From January 2012, just before the tax reforms were enacted, through May 2017, just before they were repealed, labor market figures show Kansas employment grew only 6 percent on a seasonally adjusted basis. That compared with 9.6 percent growth nationwide over that same period.
Private-sector employment growth in Kansas also lagged the nation over that period: 7.5 percent for the state, compared with 11.2 percent nationally.

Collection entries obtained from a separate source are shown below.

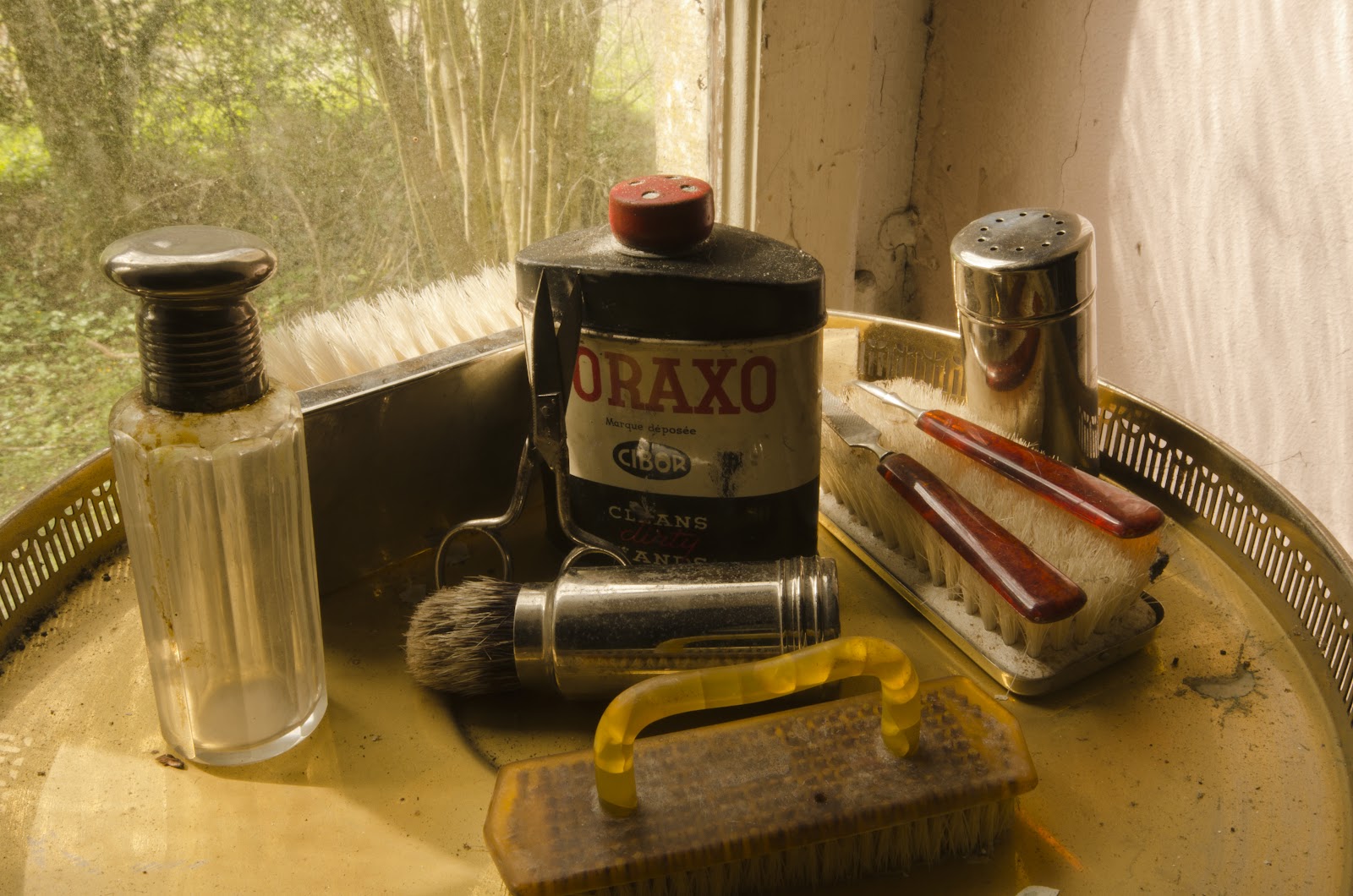 Cepillos, peines y otros enseres que daban cabida a miles de composiciones diferentes, y que nos aportaron cuantidad de ideas a la hora de mostrarlas en la web. Un frasco de metal hizo que curioseara mas tarde para tratar de encontrar que era aquella cosa llamada «Boraxo» al parecer Boraxo es una marca americana de jabón en polvo.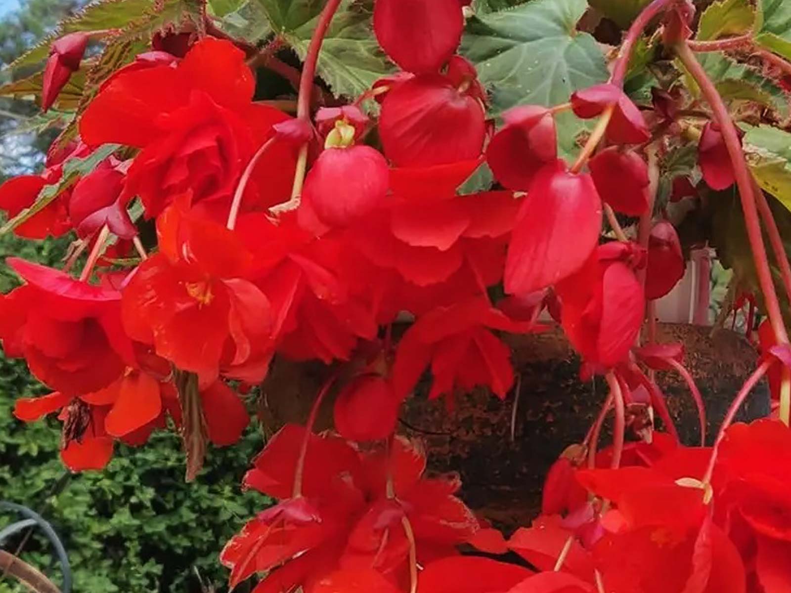 Begonia ‘Pendula Red’ is a cascading, free-flowering variety with large, fully double blooms in a striking, velvety red. Its trailing habit makes it ideal for hanging baskets, window boxes, and containers, where its arching stems spill over beautifully, creating a dramatic, flowing display. Thriving in shaded and semi-shaded areas, it adds bold color and elegance to any garden setting.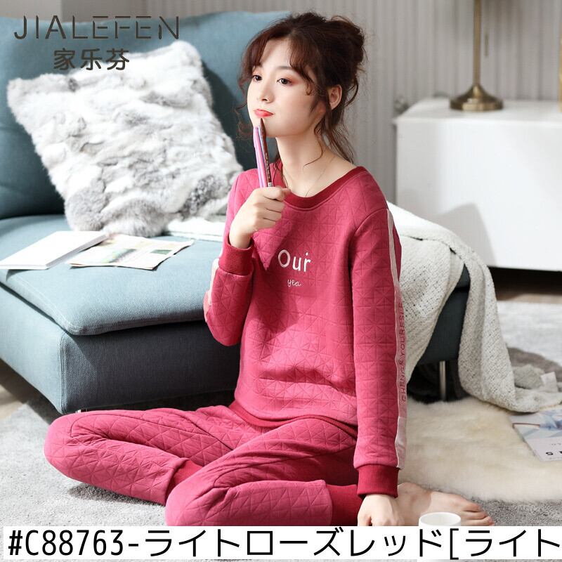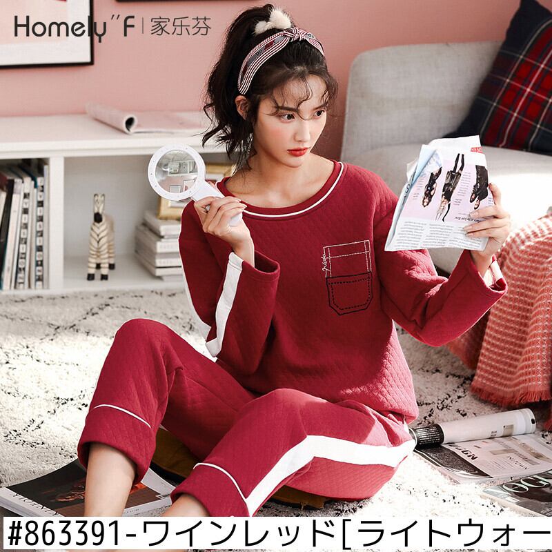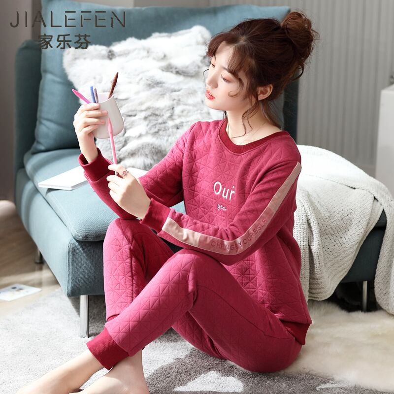 パジャマレディース春秋スタイル秋厚手コットン長袖家庭服秋冬暖かいキルティング薄片カジュアルは外で着ることができます jial61590786810
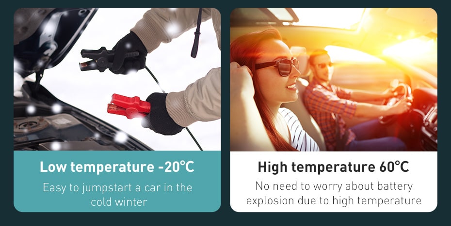 ⚡ SỨC MẠNH 1000A - KÍCH NỔ TỨC THÌ: Đừng để kích thước nhỏ gọn đánh lừa bạn. Dòng điện đỉnh 1000A đủ mạnh để khởi động ngay lập tức hầu hết các dòng xe gia đình, từ xe động cơ xăng (dưới 6.0L) đến xe động cơ dầu (dưới 3.5L). Hoạt động hiệu quả ngay cả trong thời tiết lạnh giá đến -20°C.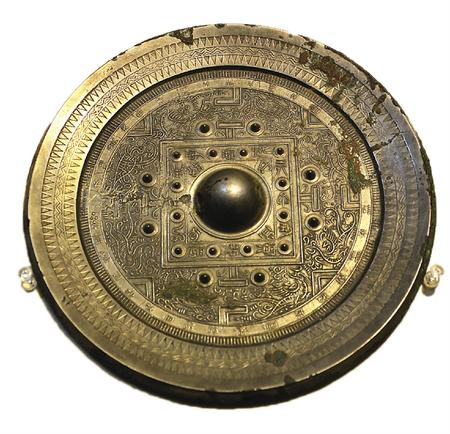 漢代設(shè)專門的機構(gòu)和官職管理銅鏡制作,有記載:“少府之下有尚方令一人,御用及官制銅鏡均由尚方制作”。所謂“規(guī)矩紋”是一種類似英文字母“T”“V”“L”的符號組成,這三種符號裝飾規(guī)整,稱之為“規(guī)矩紋”。在銅鏡之上一般還有瑞獸圖案,起到了祈福保佑的作用。
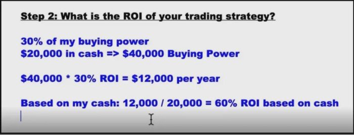 Let’s say I were to put $20,000 in cash in this account. $20,000 in cash into a margin account would give me $40,000 in buying power, so back to my ROI, the return on investment.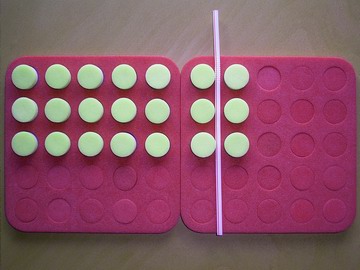 2. Count the total number of plugs and then talk and write equations showing how the rectangle can be divided. Multiple numbers of straws can be used to show the partitions.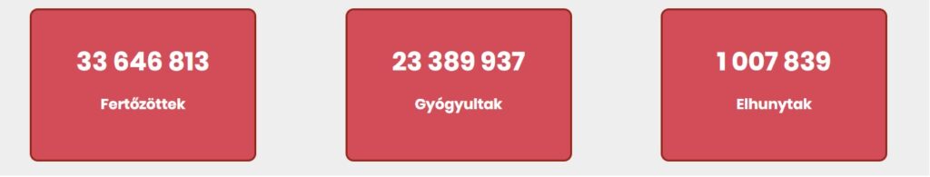 Már 33 560 877 ember fertőződött meg világszerte a koronavírus-járványban, a halálos áldozatok száma 1 066 564, a gyógyultaké pedig 23 297 593 a baltimore-i Johns Hopkins Egyetem szerdai összesítése szerint.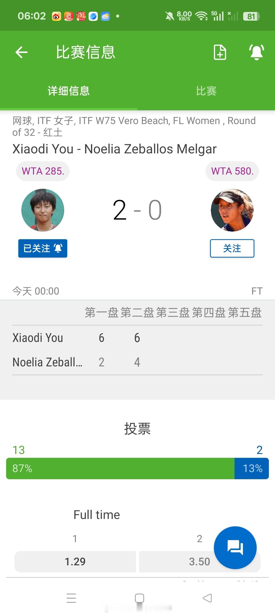 小花小草资讯 【维罗海滩W75】女单正赛第一轮尤晓迪🇨🇳 6-26-4击败🇧🇴球员泽巴洛斯晋级第二轮尤晓迪收获9分下轮的对阵7号种子佩尔里即时排名282(+3)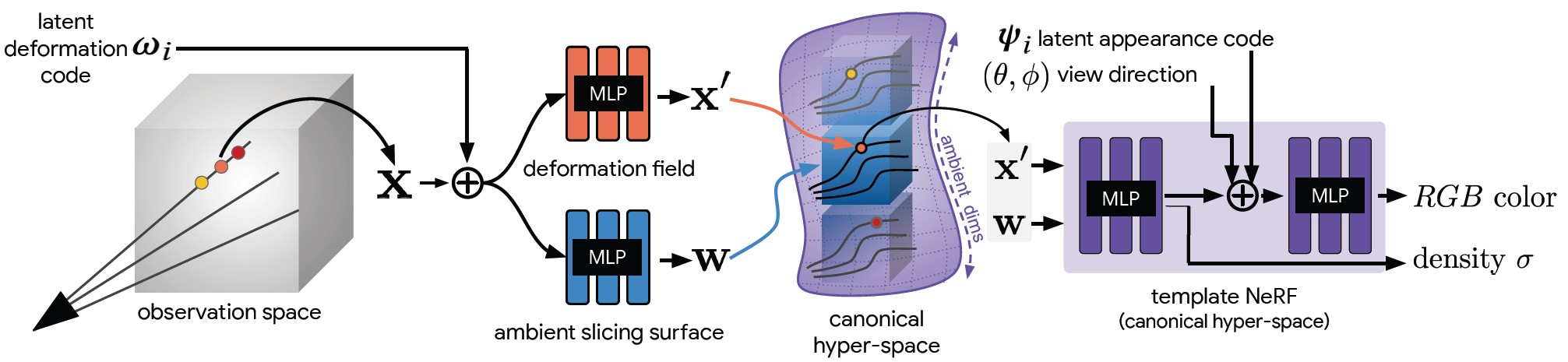 - 우리의 접근법은 hyperdimensional NeRF - a HyperNeRF를 통해 nonplanar slice로서 각 관측 frame을 모델링한다.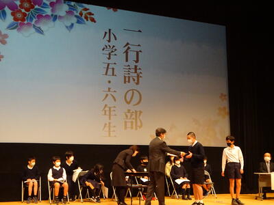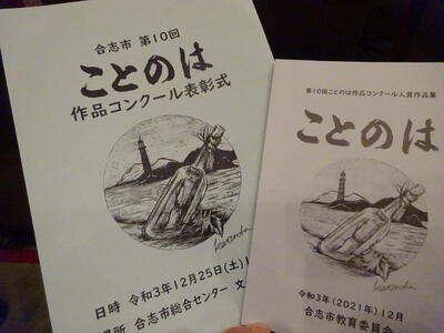 第10回「ことのは作品コンクール」表彰式が、25日(土)午前中に文化会館で行われました。市内小中学生の「一行詩」「ポエム」「作文」「短歌(中学生のみ)」の4部門に4107点の応募があり、最優秀賞15点、優秀賞31点、入選49点が選ばれています。合志楓の森小学校からは、11名の子ども達の作品が入賞しています。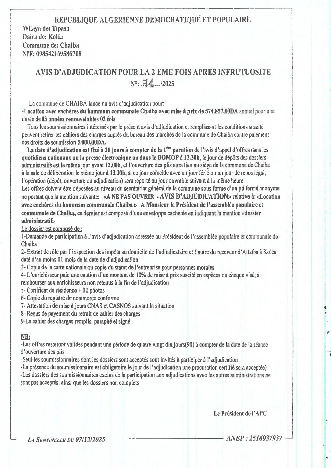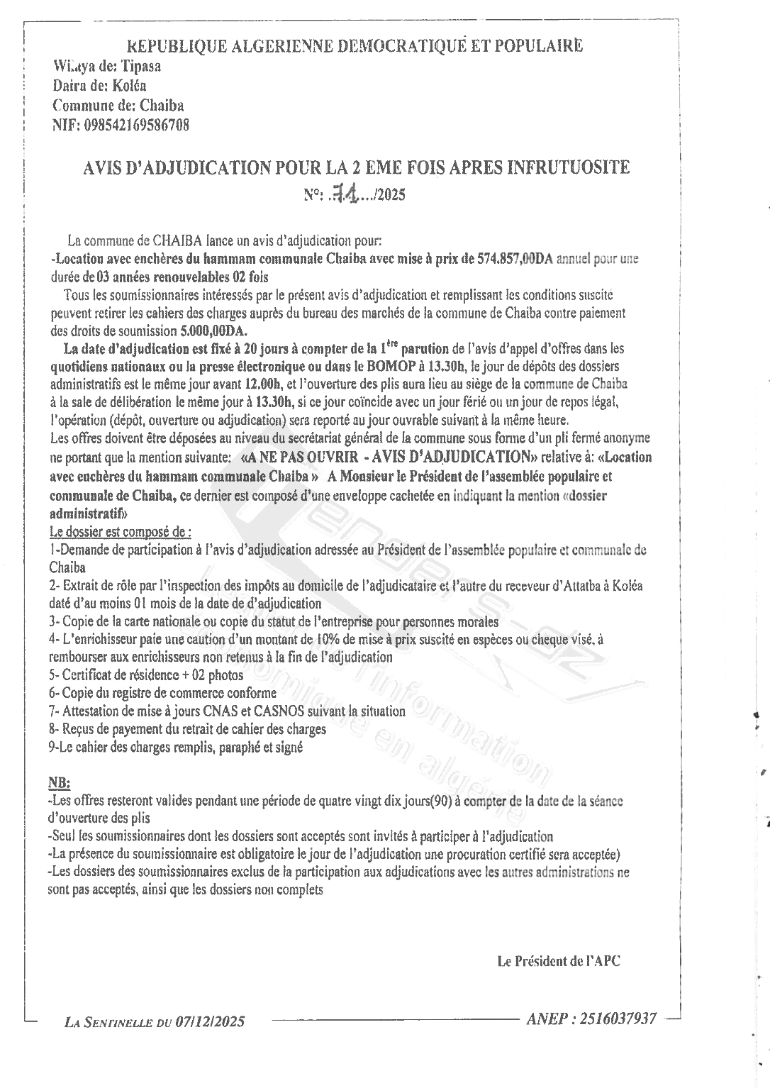 Montant de Retrait du Cahier des Charges : 5000.00 DA

Meanwhile, overall economic growth in Kansas during that period also lagged behind the national trend, which was marked by the recovery following the Great Recession,
According to the U.S. Bureau of Economic Analysis, the private-sector economy in Kansas, measured in constant U.S. dollars, grew only 1.8 percent from the first quarter of 2012 to the first quarter of 2017. The national private-sector economy grew 11 percent over that same period.
Also during that period, the state of Kansas suffered severe revenue shortfalls that led to steep cuts in funding for things like Medicaid, higher education and highway projects, and a virtual freezing for two years in K-12 education spending.
Some members of the Kansas delegation, however, said they believe it's simply time for an overhaul.
"#TaxReform is long overdue," Sen. Jerry Moran posted on Twitter. "I look forward to discussing ways to fix our broken tax code w/ my colleagues and Kansans over the coming weeks."
"The last time our tax code was reformed was in 1986," Jenkins said in her statement. "The economy has changed drastically since then and our severely inefficient, bloated and complicated tax code is harming American families. I have been working for several years now to reform our broken tax code, to make it simpler and fairer."
Kansas Democrats running for Congress in the 2018 elections, however, have been predictably critical of the plan.
Jay Sidie, who is running to unseat Rep. Kevin Yoder in the 3rd District, posted on Twitter that it was mainly a tax cut for the rich.
"Big tax cut for $418k and up? Hey GOP, don't trickle down on our heads and tell us it's raining," Sidie wrote. "This economic plan fails us every time!"